Exact copy, no pictures: return only the lines below from the line with "Jughead’s sole interest" up to and including the line with "ล่าสุดทาง เพจ drama".

• Dataset content
::::::

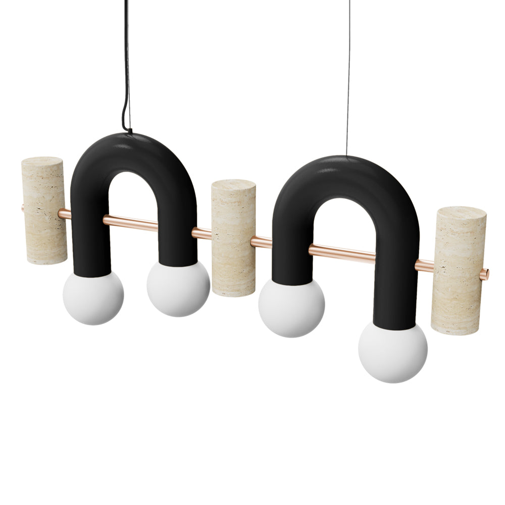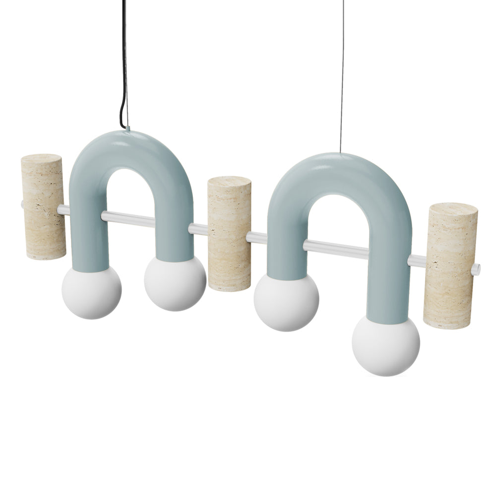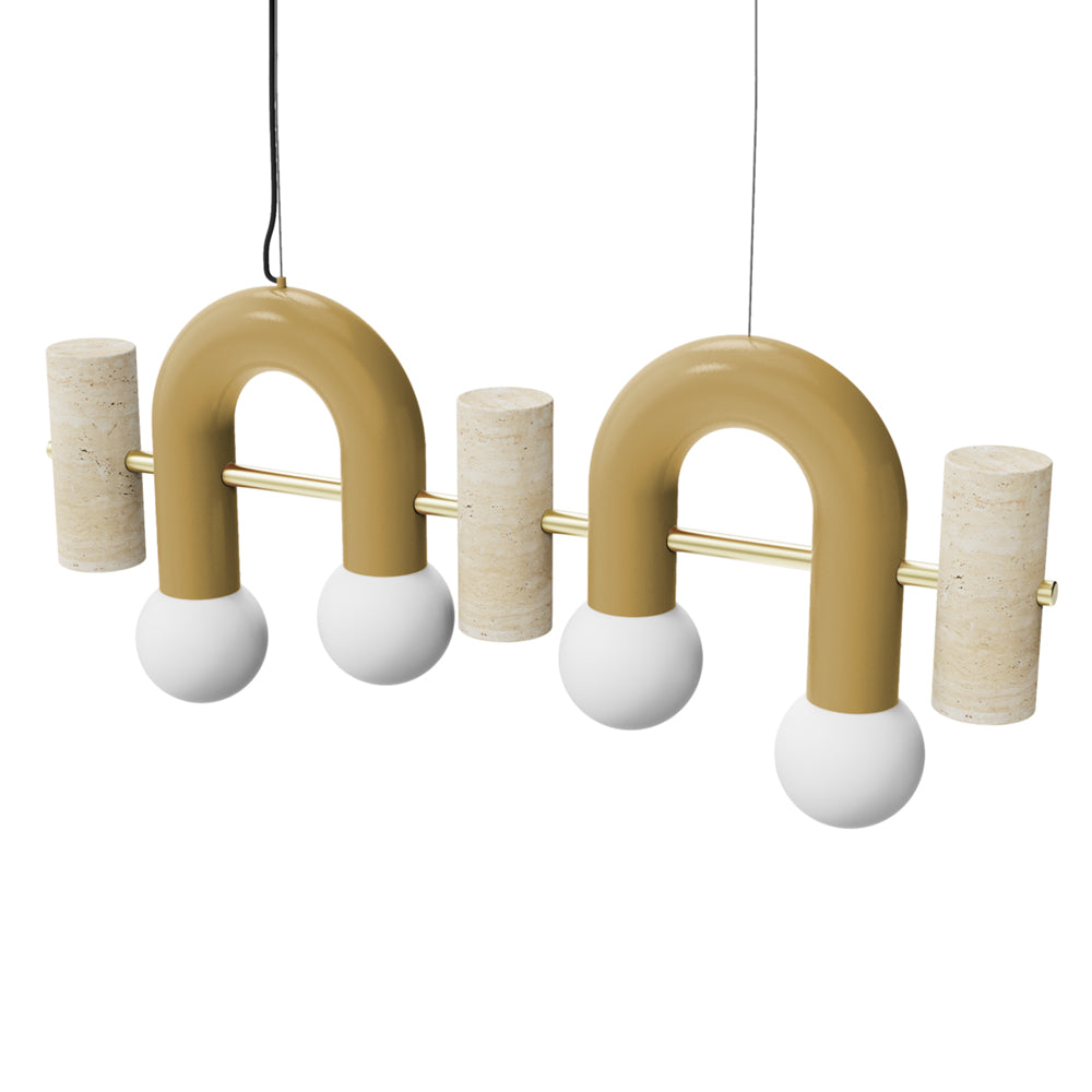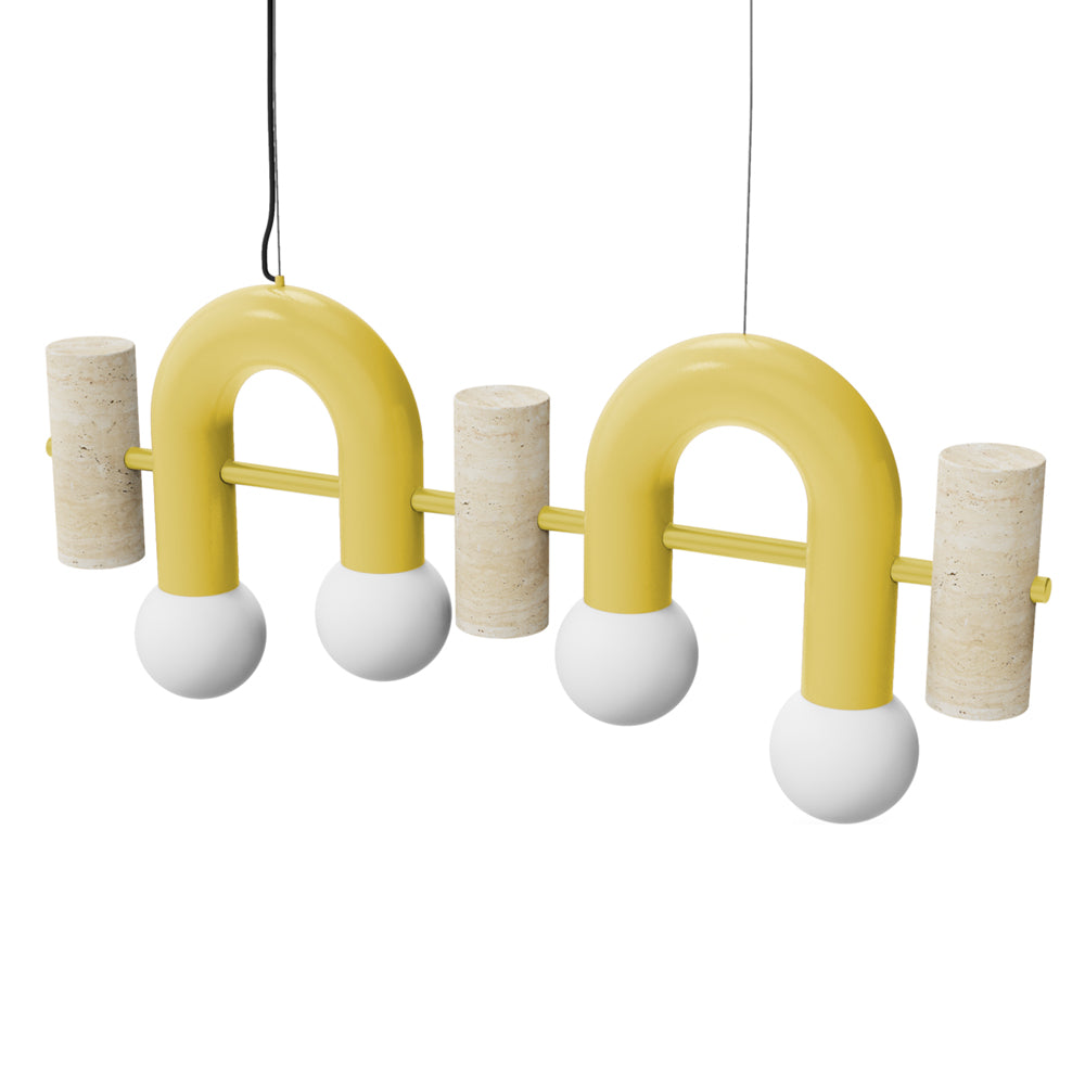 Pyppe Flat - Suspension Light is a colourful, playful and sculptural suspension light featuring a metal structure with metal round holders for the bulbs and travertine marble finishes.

::::::

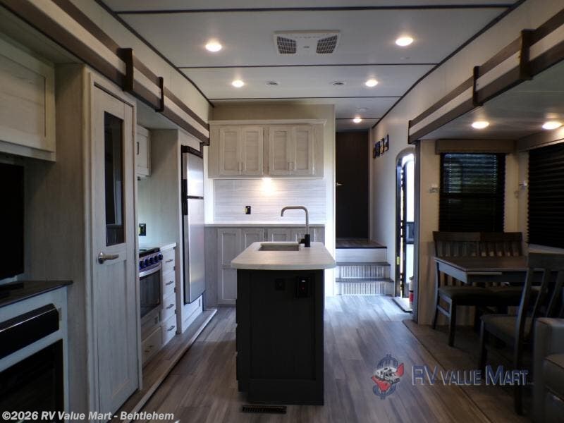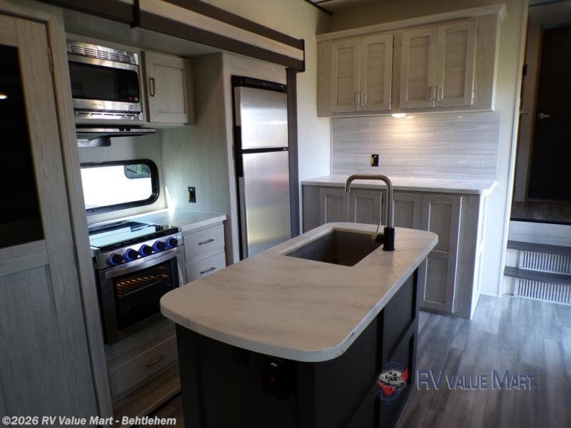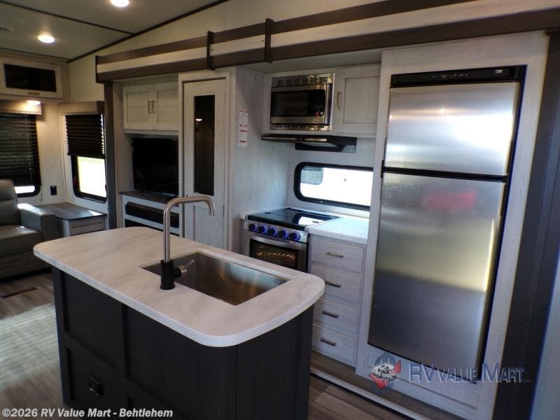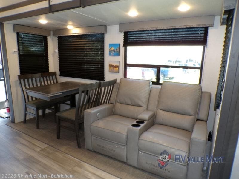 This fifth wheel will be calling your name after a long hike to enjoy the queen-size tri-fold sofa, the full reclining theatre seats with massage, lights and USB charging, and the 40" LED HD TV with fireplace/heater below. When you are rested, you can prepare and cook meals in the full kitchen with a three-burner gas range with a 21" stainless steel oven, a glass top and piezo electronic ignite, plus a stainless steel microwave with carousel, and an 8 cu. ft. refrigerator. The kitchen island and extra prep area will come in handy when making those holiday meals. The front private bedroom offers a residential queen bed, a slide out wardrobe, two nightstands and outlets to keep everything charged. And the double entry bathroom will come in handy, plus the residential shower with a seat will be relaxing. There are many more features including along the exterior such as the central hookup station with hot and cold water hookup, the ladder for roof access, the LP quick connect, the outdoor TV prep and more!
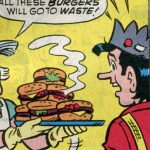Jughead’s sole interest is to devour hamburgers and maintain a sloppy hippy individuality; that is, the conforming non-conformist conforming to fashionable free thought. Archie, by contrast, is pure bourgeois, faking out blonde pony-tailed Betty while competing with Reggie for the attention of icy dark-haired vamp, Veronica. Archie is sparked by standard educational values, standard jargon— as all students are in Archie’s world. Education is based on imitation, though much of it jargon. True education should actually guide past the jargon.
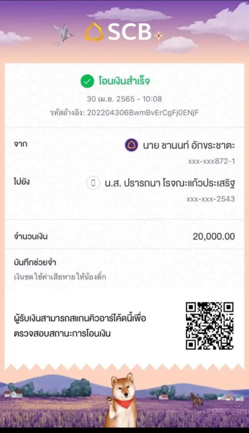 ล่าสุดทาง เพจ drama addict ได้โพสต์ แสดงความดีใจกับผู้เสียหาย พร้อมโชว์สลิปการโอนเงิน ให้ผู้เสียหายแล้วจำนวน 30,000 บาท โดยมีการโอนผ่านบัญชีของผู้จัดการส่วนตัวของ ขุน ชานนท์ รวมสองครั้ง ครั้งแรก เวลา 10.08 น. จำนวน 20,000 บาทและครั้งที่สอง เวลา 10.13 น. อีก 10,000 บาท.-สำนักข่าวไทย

::::::

• Task response
Jughead’s sole interest is to devour hamburgers and maintain a sloppy hippy individuality; that is, the conforming non-conformist conforming to fashionable free thought. Archie, by contrast, is pure bourgeois, faking out blonde pony-tailed Betty while competing with Reggie for the attention of icy dark-haired vamp, Veronica. Archie is sparked by standard educational values, standard jargon— as all students are in Archie’s world. Education is based on imitation, though much of it jargon. True education should actually guide past the jargon.
 ล่าสุดทาง เพจ drama addict ได้โพสต์ แสดงความดีใจกับผู้เสียหาย พร้อมโชว์สลิปการโอนเงิน ให้ผู้เสียหายแล้วจำนวน 30,000 บาท โดยมีการโอนผ่านบัญชีของผู้จัดการส่วนตัวของ ขุน ชานนท์ รวมสองครั้ง ครั้งแรก เวลา 10.08 น. จำนวน 20,000 บาทและครั้งที่สอง เวลา 10.13 น. อีก 10,000 บาท.-สำนักข่าวไทย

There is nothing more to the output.